The ability to negotiate is rightfully considered an important component of the success of any communication. Long-term relationships cannot exist without compromise, if only because there are no two people with the same opinions on all issues. However, is the compromise really that good?

Compromise in quarrels: is it always needed (and 5 steps to correct dispute resolution)

Contrary to popular belief, a compromise does not represent a win for both sides; it is, on the contrary, mutual concessions.Everyone gives up their desires or agrees to something undesirable in response to the same actions on the part of the other. It is, rather, a failure, so it is impossible to talk about the magical power of compromise in a relationship. The most reasonable use of compromise is in the legal field, where it was first used since the time of Cicero.

It is possible to abandon one's aspirations, yield or do something undesirable only in those issues that are not considered important or fundamental. For example, the choice of a movie for the evening, the direction of a weekend trip, a dish for dinner, with whose friends to spend the New Year's holidays, what breed of dog to get.

In matters related to a person's values ​​and beliefs, compromise is not only undesirable, but also dangerous. If one partner wants children, and the other does not, if one of the partners wants to move to another country for permanent residence, and the other cannot imagine life without friends and family, if one does things that are unacceptable for the other during intimacy, in all these cases, a concession will lead to disastrous consequences. The one who yielded will feel unhappy and will make the other unhappy. No matter what your loved one promised you in return, this is not enough to balance the scales, you will feel like a victim.

What to do? - you ask, - is it really possible to destroy the alliance with a loved one? At the moment when your partner forced you to agree to actions that are unacceptable for you, your union has already been destroyed. Of course, by agreeing, you will still live together for a while, but is it necessary to postpone the end? Practice shows that such a concession will be followed by a second and then a third request. Once you allow another to break through your boundaries, you risk being left without boundaries at all .

If it’s not about intimate, here are some tips to help you come to an agreement more easily.


1. Give in one by one

He loves action movies, and you love comedies? Agree that you watch your film once a week and his film once a week.


2. Dialogue with yourself

He wants to go to the mountains, but you don't like such trips? Do not give an answer right away, analyze it, is the proposal really so bad?Is it possible that personal fears are hindering you from reaching an agreement on this issue? Find out for yourself what you have against the mountains. Self-talk can be interesting. Look for the upsides on this trip, it might not turn out to be such a bad idea on reconsideration.

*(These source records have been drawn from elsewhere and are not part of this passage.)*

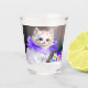 White Cat with Purple Flower Collar Painting Shot Glass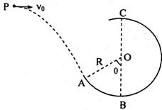 16.(9分)如图,一个质量为0.6kg的小球以某一初速度从P点水平抛出,恰好从光滑圆弧ABC的A点的切线方向进入圆弧(不计空气阻力,进入圆弧时无机械能损失)。已知圆弧的半径R=0.3m,θ=60°,小球达到A点时的速度v=4m/s。(取g=10m/s2)求: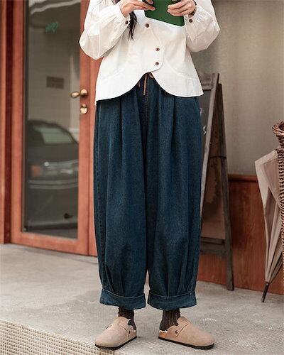 2024新作 デニムパンツ レディース イージーワイドパンツ ボトムス パンツ ウエストゴム ゆったり 美脚 レトロ リラックス 秋 冬 無地 ガウチョ ポケット付 サルエルパンツ バルーン カジュ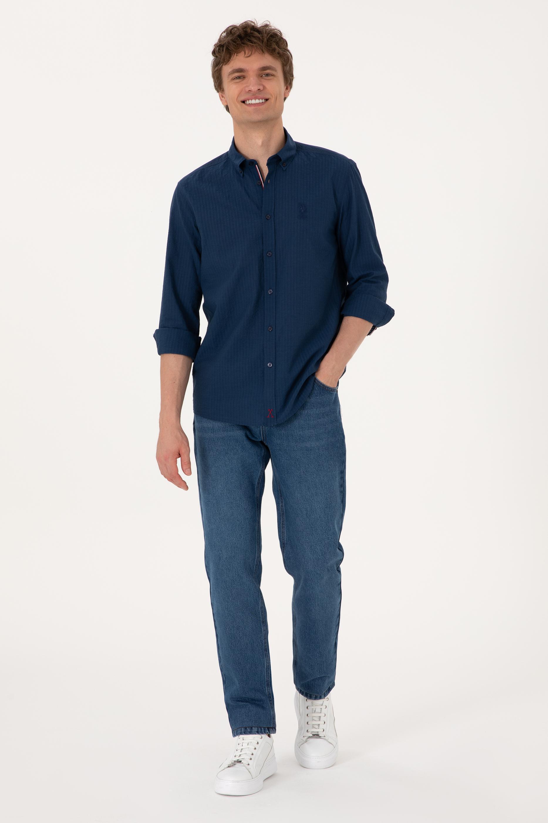 - Erkek İndigo Uzun Kollu Gömlek

3. Yes, but with a condition

He wants you to spend the weekend with his family , and do you have hair stirring from the memory of them? Speak your position softly and offer an option where you go with him, but he will spend all the time with your relatives, and you will occasionally join them, focusing on visiting the sights on your own.


4. Convince me

When we want one thing and our partner wants another, we are so focused on the negative that we don't even hear what we might like. Ask your partner to convince you.This approach will give you the opportunity to look at the situation through his eyes.


5. SWOT analysis

This is a strategic planning method that can be used when it comes to a solution for years to come. Your partner wants to take out a mortgage, and you are against. Divide the paper into four parts and write down strengths, weaknesses, opportunities and threats. The strengths can be written down the presence of living space in 20 years, the absence of a landlady, the ability to create an environment at your discretion, in the weak - savings on other aspects of your life. What opportunities does buying an apartment on credit offer you, and what can be the danger? Try to fill in the four boxes as honestly as possible, and make a decision together.

When discussing a controversial issue, adhere to simple communication rules.

1. Look from the position not "I am right / right", but from the position "I wonder what is better?"

Don't cling to your righteousness. Ultimately we see what experience allows us. Perhaps your partner's experience is completely different, and after listening, you will see something that you did not even know about.

2. Listen actively

This method always works. After listening to the other side's arguments, summarize to make sure you get it right and to show that you are listening carefully. "Did I understand correctly that ...?"

Paraphrase what you have heard in your own words, this will give an opportunity to both hear and show interest. "So you mean ..."

Get involved in the conversation as much as possible with gestures, facial expressions, nod during the conversation, maintain eye contact, do not turn away, do not be silent, do not move away.

3. Control your emotions

If your patience runs out and you start to get angry, speak up your feelings and ask to end the discussion for today. “I am very upset because we cannot agree. Let's continue tomorrow, I can't discuss it anymore today. "

Express your emotions . "I'm afraid that ..." "I'm worried that .."

4. Don't try to negotiate here and now

Sometimes it takes time to reach a compromise, take your time, arrange the next conversation. "Let's get back to this conversation in a week."

5. Remember the main thing

In the process of reaching an agreement, the emotional degree can go off scale. If you are overcome by emotions, remember the main thing: you are trying to negotiate with a close, dear person, the main thing is not rightness, but the relationship itself.